For example, referring to fig. 2, an oil supply channel 31 and a plurality of (e.g., 6) oil supply holes 32 are formed in the first shaft body 30, the oil supply channel 31 is disposed along the axial direction of the first shaft body 30 and extends between the first end portion 34 and the second end portion 35, the plurality of (e.g., 6) oil supply holes 32 extend along the radial direction of the first shaft body 30, and one end of each oil supply hole 32 is communicated with the oil supply channel 31, and the other end is communicated with the gap 40; wherein, a half number (for example, 3) of the oil supply holes 32 are provided at a position corresponding to the first portion 21 of the first rotor 20, and a half number (for example, 3) of the oil supply holes 32 are provided at a position corresponding to the second portion 22 of the first rotor 20.

Referring to fig. 2, in the present embodiment, an oil outlet 24 extending in a radial direction may be further disposed on the first rotor 20, the oil outlet 24 penetrates through a wall body of the first rotor 20, one end of the oil outlet 24 is communicated with a gap 40 between the first rotor 20 and the first shaft 30, and the other end is communicated with an outside of the first rotor 20, so that the lubricating oil may be discharged from the gap 40 between the first rotor 20 and the first shaft 30, thereby implementing the oil circulation supply, and further lubricating an outer surface of the first rotor 20.

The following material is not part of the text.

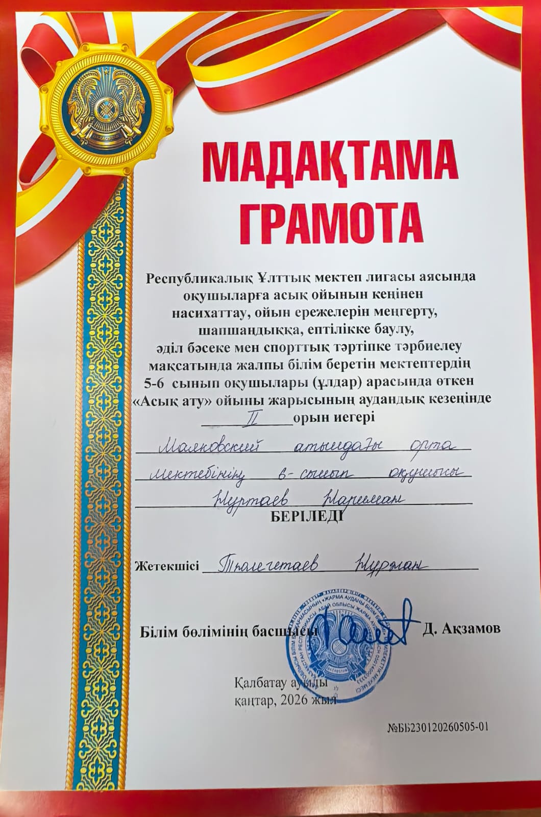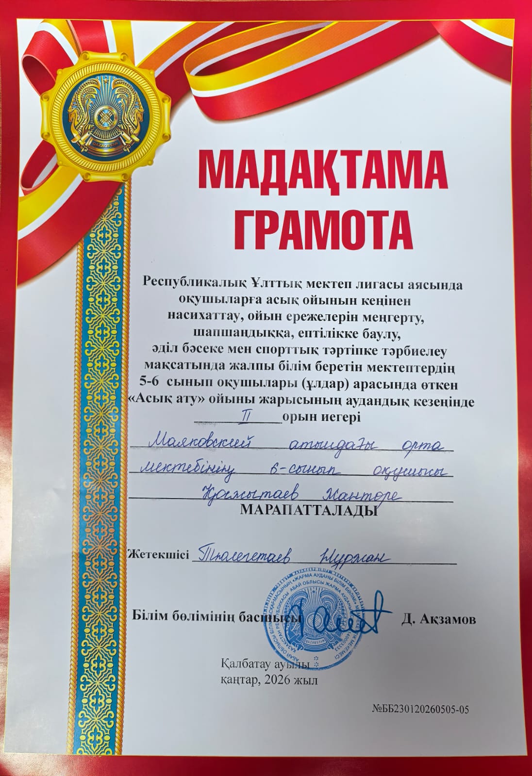 🥈Жалпы білім беретін мектептердің 5-6-сынып оқушылары арасында өткен Республикалық ҰЛТТЫҚ МЕКТЕП ЛИГАСЫНЫҢ АУДАНДЫҚ кезеңінде АСЫҚ АТУ ОЙЫНЫ жарысында мектеп командасы жалпы командалық есепте жүлделі ІІ ОРЫНДЫ иеленді.

Referring to fig. 2, in order to facilitate the oil outlet of the oil supply hole 32, the first shaft 30 may further form a groove 36 at the outlet of the oil supply hole 32, the groove 36 extends along the axial direction of the first shaft 30 and communicates with the oil supply hole 32, and the cross-sectional size of the groove 36 is larger than the size of the outlet of the oil supply hole 32. The shape of the groove 36 is preferably crescent-shaped to facilitate the outflow of the lubricant during rotation.

In the foregoing embodiments of the first scheme, the descriptions of the respective embodiments have respective emphasis, and for parts that are not described in detail in a certain embodiment, reference may be made to related descriptions of other embodiments.

The second solution will be described in detail below with reference to fig. 3 and 4.

Referring to fig. 3 and 4, the first rotor 20 and/or the first shaft 30 are made of non-metallic materials. In this embodiment, the first rotor 20 and/or the first shaft body 30 are made of a non-metallic material, so that when the first rotor 20 and the first shaft body 30 rotate in a sliding manner, wear between the first rotor 20 and the first shaft body 30 can be reduced, and the service life can be prolonged.

In an alternative embodiment, one of the first rotor 20 and the first shaft 30 is made of a non-metallic material, and the other is made of a metallic material, that is, the first rotor 20 is made of a non-metallic material and the first shaft 30 is made of a metallic material, or the first rotor 20 is made of a metallic material and the first shaft 30 is made of a non-metallic material. This not only ensures the overall strength of the rotor assembly 100, but also reduces the wear between the first rotor 20 and the first shaft 30, and prolongs the service life.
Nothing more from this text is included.